Ibarra Emiro J, Arias-Londoño Julián D, Godino-Llorente Juan I, Mehta Daryush D, Zañartu Matías
Department of Electronic Engineering and Advanced Center for Electrical and Electronic Engineering, Universidad Técnica Federico Santa Maria, Valparaiso, 2390123, Chile.
ETSI Telecomunicación, Universidad Politécnica de Madrid, Madrid, 28040, Spain.
Biomed Signal Process Control. 2025 Aug;106. doi: 10.1016/j.bspc.2025.107681. Epub 2025 Feb 26.
Subglottal air pressure is a critical physiologically-based parameter that reveals fundamental pathophysiological processes in patients with voice disorders. However, its assessment in both laboratory and ambulatory settings presents significant challenges due to the necessity for specialized instruments, invasive procedures, and the impracticality of direct measurement in ambulatory contexts. This study expands upon previous efforts to estimate subglottal pressure from portable, lightweight neck-surface acceleration signals using a physiologically relevant model of voice production combined with machine learning techniques. The proposed approach employs a neural network architecture initially trained with numerical simulations from the voice production model, which is subsequently refined through a domain adaptation strategy from synthetic data to laboratory data. This proposed method provides a means to create subject and group-specific refinements of the original neural network. For comprehensive comparisons with previous methods reported in the literature, the proposed approach is applied to both normal and disordered voices, including cases of unilateral vocal fold paralysis and phonotraumatic and non-phonotraumatic vocal hyperfunction. The study is divided into two datasets, encompassing a total of 135 participants. The recordings consist of synchronous measurements of oral airflow, intraoral pressure, and signals from a microphone and a neck-surface accelerometer. Each participant was asked to utter /p/-vowel syllable gestures with variations in loudness, vowels, pitch, and voice quality. Compared to previously reported approaches, the proposed method results in subject-specific models that achieve over a 21% improvement in the estimation of subglottal pressure, as measured by root mean square error. These findings underscore the effectiveness of a non-linear, subject-specific regression approach in enhancing the estimation of subglottal pressure from neck-surface vibration signals.

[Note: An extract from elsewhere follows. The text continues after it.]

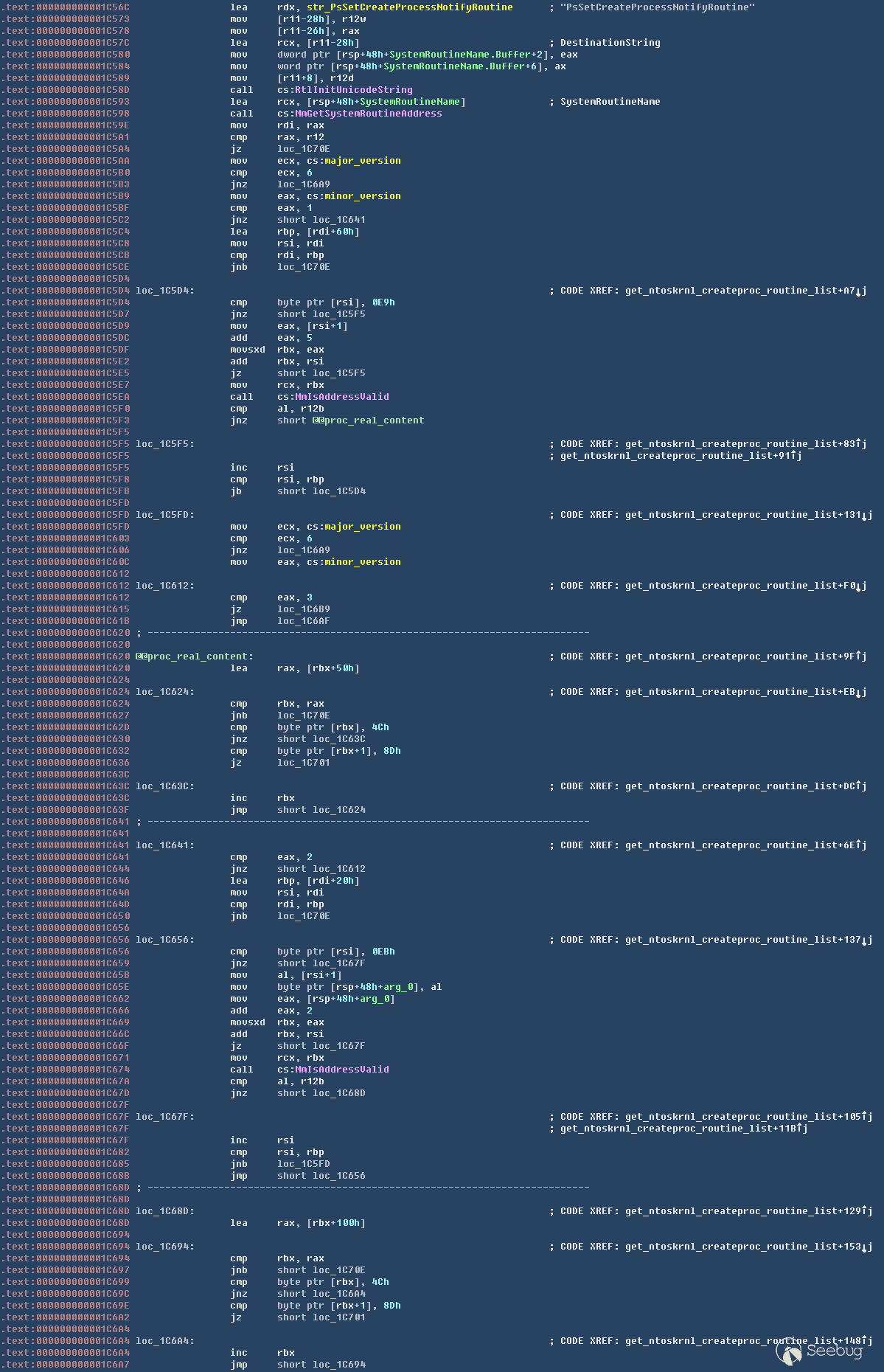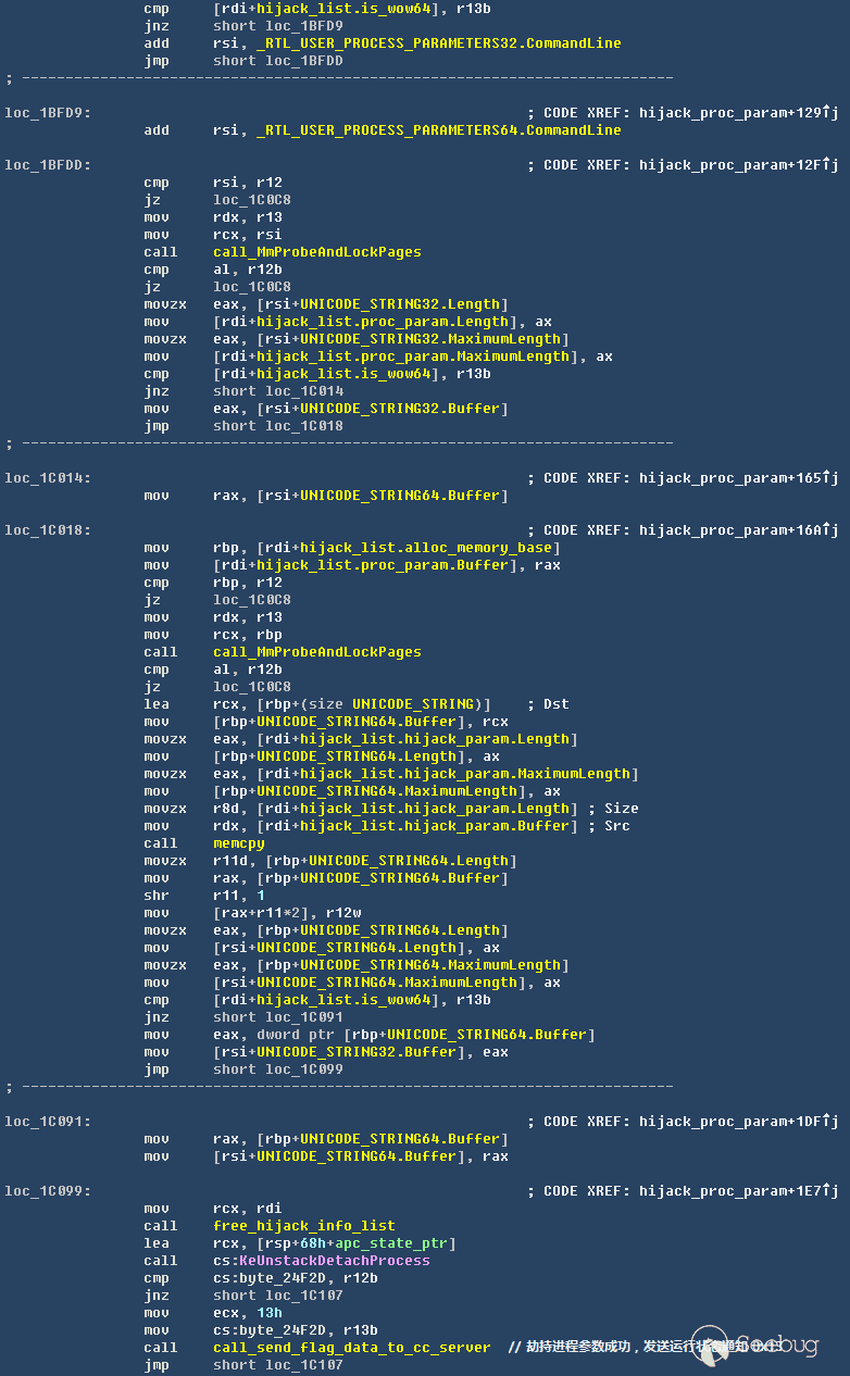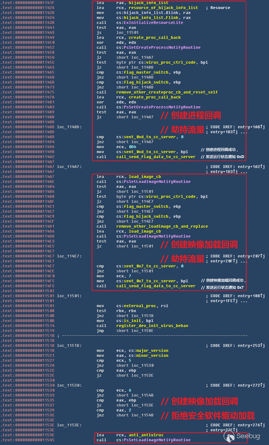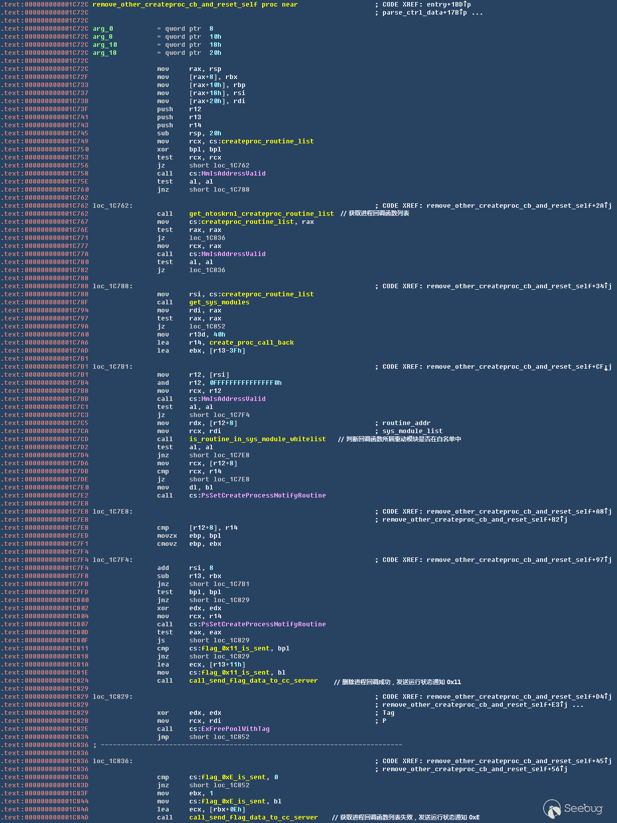 刪除進程回調的方法與刪除映像加載回調方法類似。如果執行中無法得到進程回調函數表則向C&C服務器發送控制碼 0xE,如果成功注冊進程回調函數則向 C&C 服務器發送 0x11。如下圖所示:

声门下气压是一个关键的基于生理学的参数,它揭示了嗓音障碍患者的基本病理生理过程。然而,由于需要专门的仪器、侵入性操作以及在动态环境中直接测量的不切实际性,在实验室和动态环境中对其进行评估都面临重大挑战。本研究扩展了先前的努力,利用与生理相关的语音产生模型结合机器学习技术,从便携式、轻便的颈部表面加速度信号估计声门下压力。所提出的方法采用了一种神经网络架构,最初使用语音产生模型的数值模拟进行训练,随后通过从合成数据到实验室数据的域适应策略进行优化。该方法提供了一种对原始神经网络进行特定于个体和群体的优化的手段。为了与文献中报道的先前方法进行全面比较,将所提出的方法应用于正常和紊乱嗓音,包括单侧声带麻痹、发声创伤性和非发声创伤性嗓音功能亢进的病例。该研究分为两个数据集,共有135名参与者。记录包括口腔气流、口腔内压力以及来自麦克风和颈部表面加速度计的信号的同步测量。要求每个参与者发出/p/元音音节手势,响度、元音、音高和嗓音质量有所变化。与先前报道的方法相比,所提出的方法产生了特定于个体的模型,通过均方根误差测量,在声门下压力估计方面实现了超过21%的改进。这些发现强调了非线性、特定于个体的回归方法在增强从颈部表面振动信号估计声门下压力方面的有效性。